RAW DATA ::
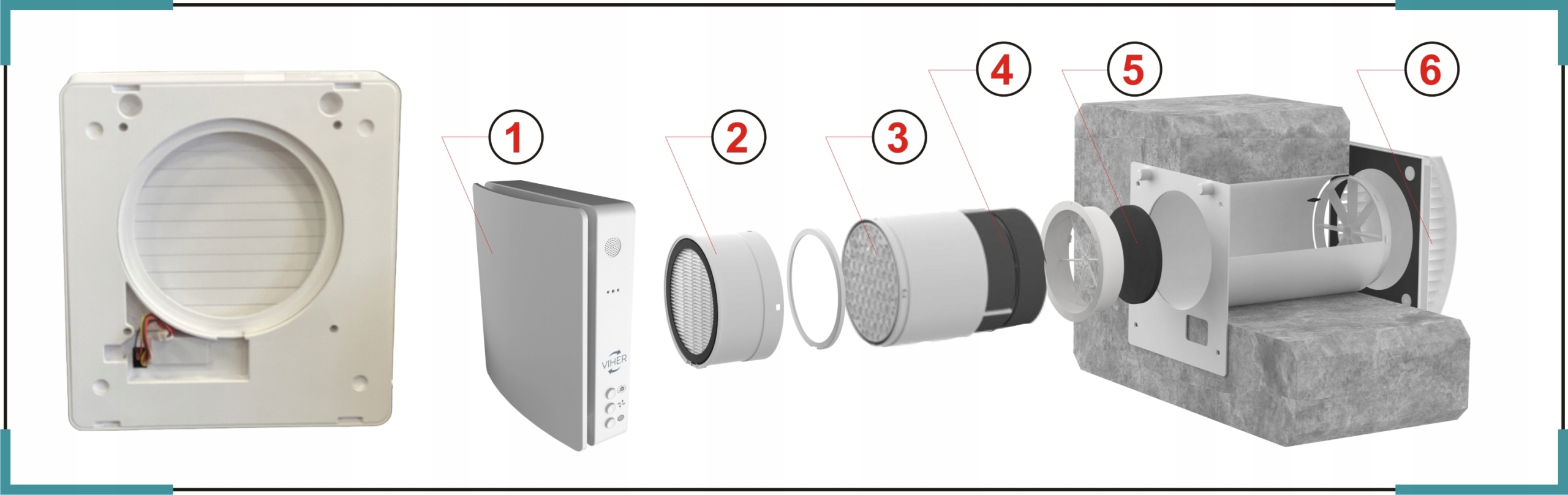 НАСТІННИЙ ДЕЦЕНТРАЛЬНИЙ РЕКУПЕРАТОР TQD VIHER – V50B З ФІЛЬТРОМ F7 - ЧОРНА ПЕРЕДНЯ ПАНЕЛЬ
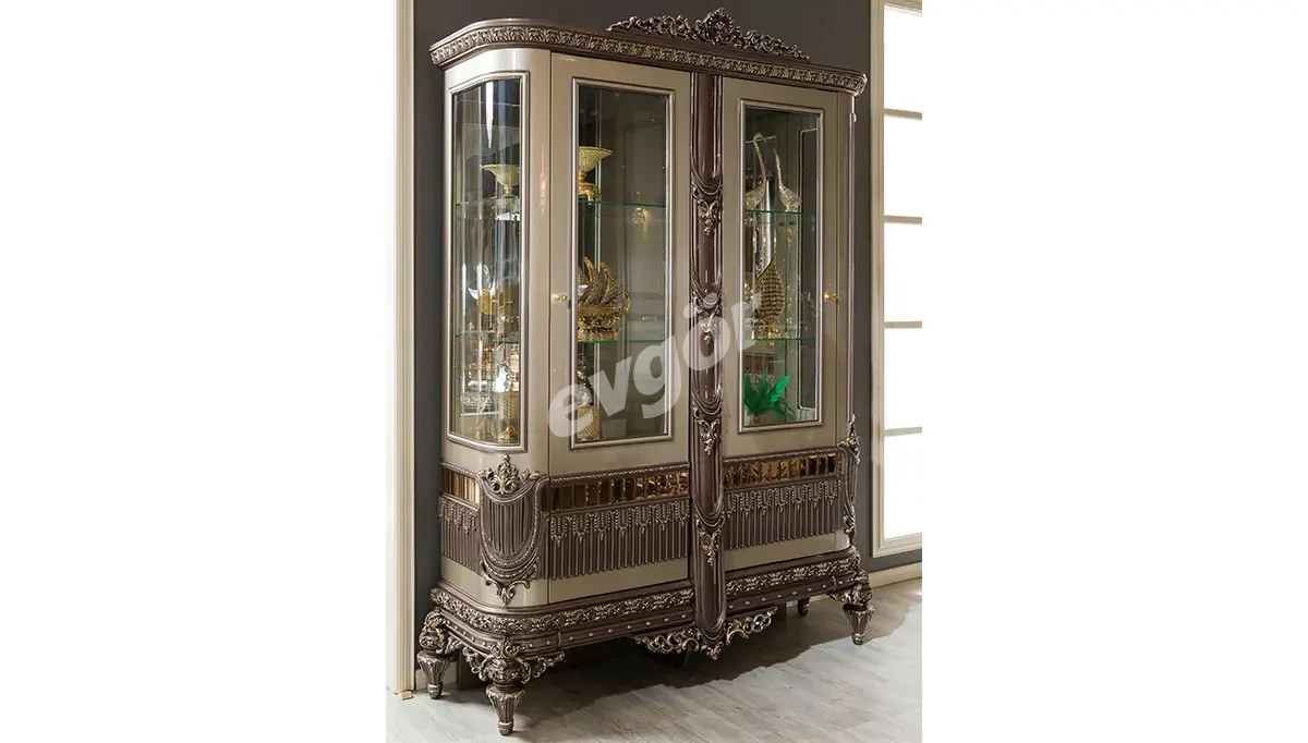 Hanzade Krem Klasik Yemek Odası şık tasarımı ile kalitenin adresi Evgör Mobilya'da.
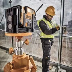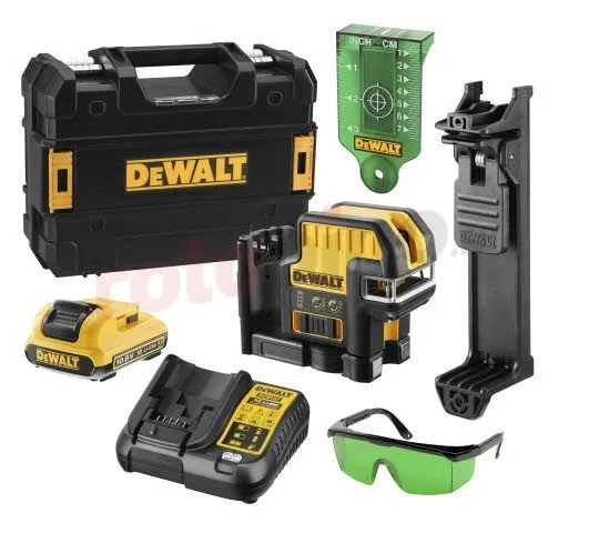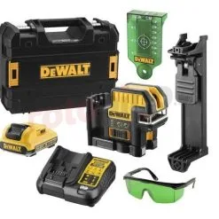 Niveau laser croix + point DCE0825D1G DeWALT est une version d’un niveau laser professionnel avec un faisceau vert. L’appareil affiche une ligne horizontale et verticale ou 5 points dirigés latéralement, de haut en bas et en avant. Lasers suspendus sur le pendule à mise à niveau automatique, déterminant le niveau vertical dans la plage de 150 degrés ou 5 points pour les porter à moins de 45m. De plus, le mode impulsion vous permet de travailler avec un détecteur qui augmente la portée. L’ensemble contient des éléments facilitant le suivi du faisceau, qui sont des lunettes et une plaque cible. La possibilité de montage sur trépieds avec filetage 1/4 ou 5/8 pouces et un support magnétique permet tout positionnement de l’appareil laser. Son boîtier robuste avec une étanchéité élevée et un verrouillage du mécanisme de nivellement est une garantie de résistance à l’eau, à la poussière et aux chutes d’une hauteur d’un mètre et demi. L’ensemble avec D1G est un boîtier de système TSTAK avec un appareil, un chargeur multi-tension, une batterie DeWALT XR 10.8V 2.0Ah, un support magnétique, des lunettes vertes et une cible de visée verte. Équipement professionnel pour une utilisation sur n’importe quel chantier de construction.
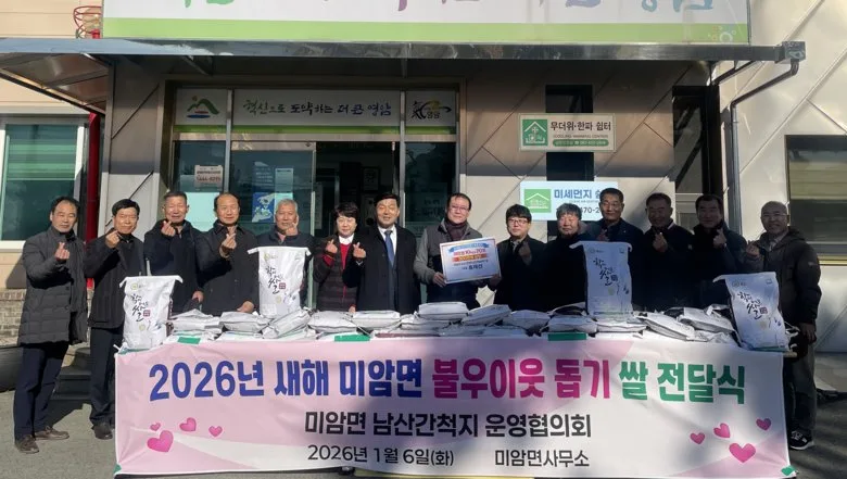 영암 미암면 남산간척지운영협의회(대표 홍재선)가 6일 미암면 마을회관과 경로당에 나눠달라며 10kg들이 쌀 70포대를 면행정복지센터에 전달했다.

EXERCISE OBJECTIVE ::
Copy the whole listing above word for word but do not carry over the pictures.

RESULT FOR THIS EXERCISE ::
 НАСТІННИЙ ДЕЦЕНТРАЛЬНИЙ РЕКУПЕРАТОР TQD VIHER – V50B З ФІЛЬТРОМ F7 - ЧОРНА ПЕРЕДНЯ ПАНЕЛЬ
 Hanzade Krem Klasik Yemek Odası şık tasarımı ile kalitenin adresi Evgör Mobilya'da.
 Niveau laser croix + point DCE0825D1G DeWALT est une version d’un niveau laser professionnel avec un faisceau vert. L’appareil affiche une ligne horizontale et verticale ou 5 points dirigés latéralement, de haut en bas et en avant. Lasers suspendus sur le pendule à mise à niveau automatique, déterminant le niveau vertical dans la plage de 150 degrés ou 5 points pour les porter à moins de 45m. De plus, le mode impulsion vous permet de travailler avec un détecteur qui augmente la portée. L’ensemble contient des éléments facilitant le suivi du faisceau, qui sont des lunettes et une plaque cible. La possibilité de montage sur trépieds avec filetage 1/4 ou 5/8 pouces et un support magnétique permet tout positionnement de l’appareil laser. Son boîtier robuste avec une étanchéité élevée et un verrouillage du mécanisme de nivellement est une garantie de résistance à l’eau, à la poussière et aux chutes d’une hauteur d’un mètre et demi. L’ensemble avec D1G est un boîtier de système TSTAK avec un appareil, un chargeur multi-tension, une batterie DeWALT XR 10.8V 2.0Ah, un support magnétique, des lunettes vertes et une cible de visée verte. Équipement professionnel pour une utilisation sur n’importe quel chantier de construction.
 영암 미암면 남산간척지운영협의회(대표 홍재선)가 6일 미암면 마을회관과 경로당에 나눠달라며 10kg들이 쌀 70포대를 면행정복지센터에 전달했다.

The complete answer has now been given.